(Aim of the task): Although the entries contain pictures, the copy should hold only their exact text.

(Data shown):

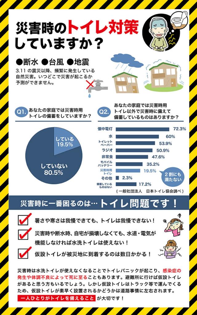●凝固剤で固めて、手を汚さず汚物処理で断水時のトイレにも使えます。
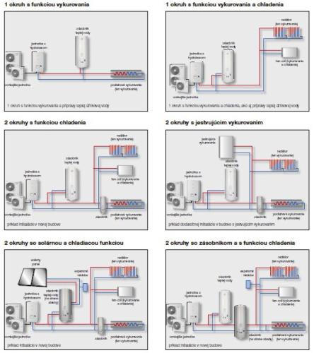Příklady instalaci tepelných čerpadel a jejich napojení na topné okruhy.
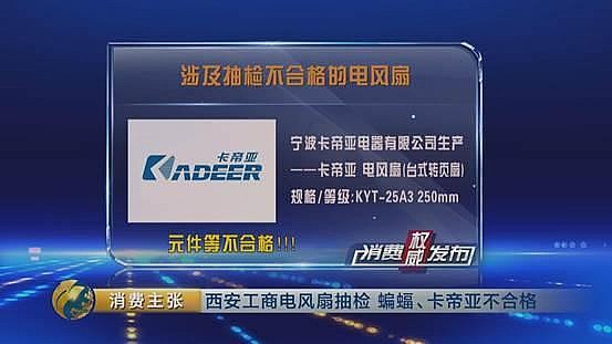 宁波卡帝亚电器有限公司生产的卡帝亚电风扇,元件等不合格。
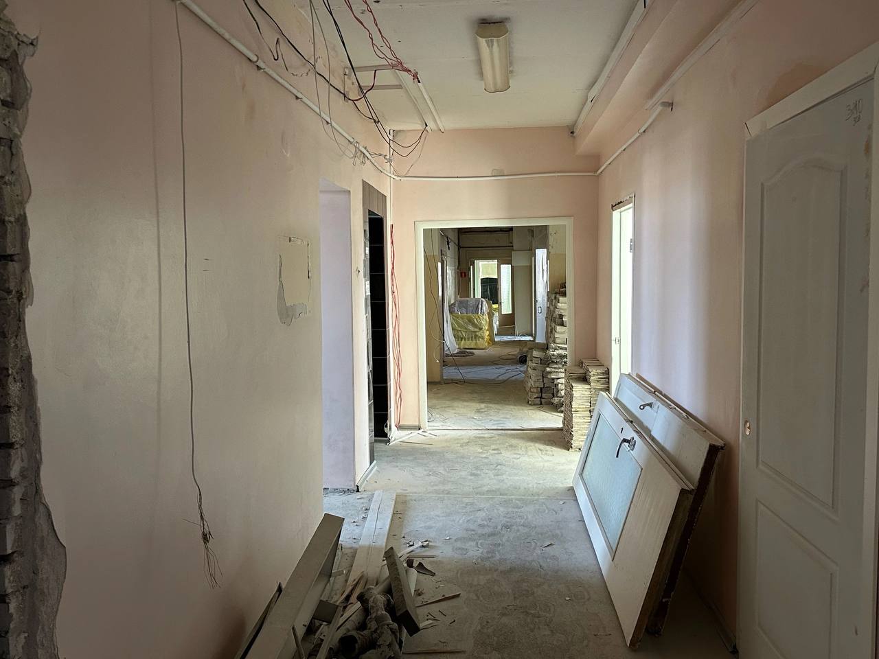 Сейчас строители осуществляют демонтаж перегородок, подвесных потолков, готовят стены к выравниванию и штукатурным работам.
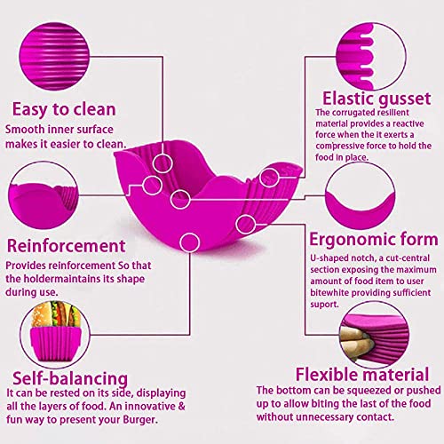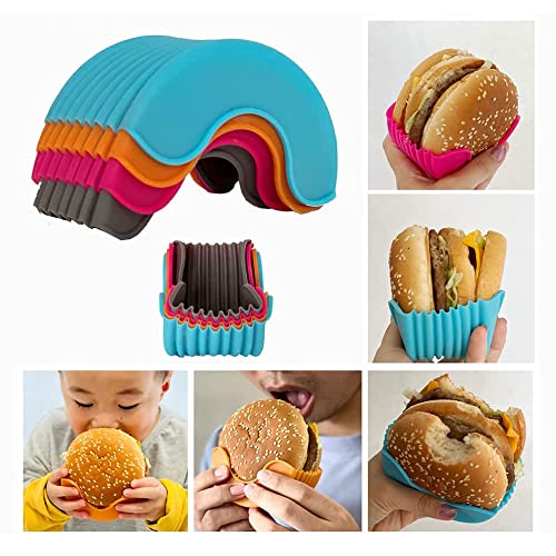 Aesackir - حوامل همبرجر سيليكون صحية امنة غذائيا قابلة للسحب واعادة الاستخدام، خالية من بيسيفينول ا وامنة في غسالة الاطباق، رف سندوتشات قابل للغسيل، 4 قطع من ايساكير

(Answer space):
●凝固剤で固めて、手を汚さず汚物処理で断水時のトイレにも使えます。
Příklady instalaci tepelných čerpadel a jejich napojení na topné okruhy.
 宁波卡帝亚电器有限公司生产的卡帝亚电风扇,元件等不合格。
 Сейчас строители осуществляют демонтаж перегородок, подвесных потолков, готовят стены к выравниванию и штукатурным работам.
 Aesackir - حوامل همبرجر سيليكون صحية امنة غذائيا قابلة للسحب واعادة الاستخدام، خالية من بيسيفينول ا وامنة في غسالة الاطباق، رف سندوتشات قابل للغسيل، 4 قطع من ايساكير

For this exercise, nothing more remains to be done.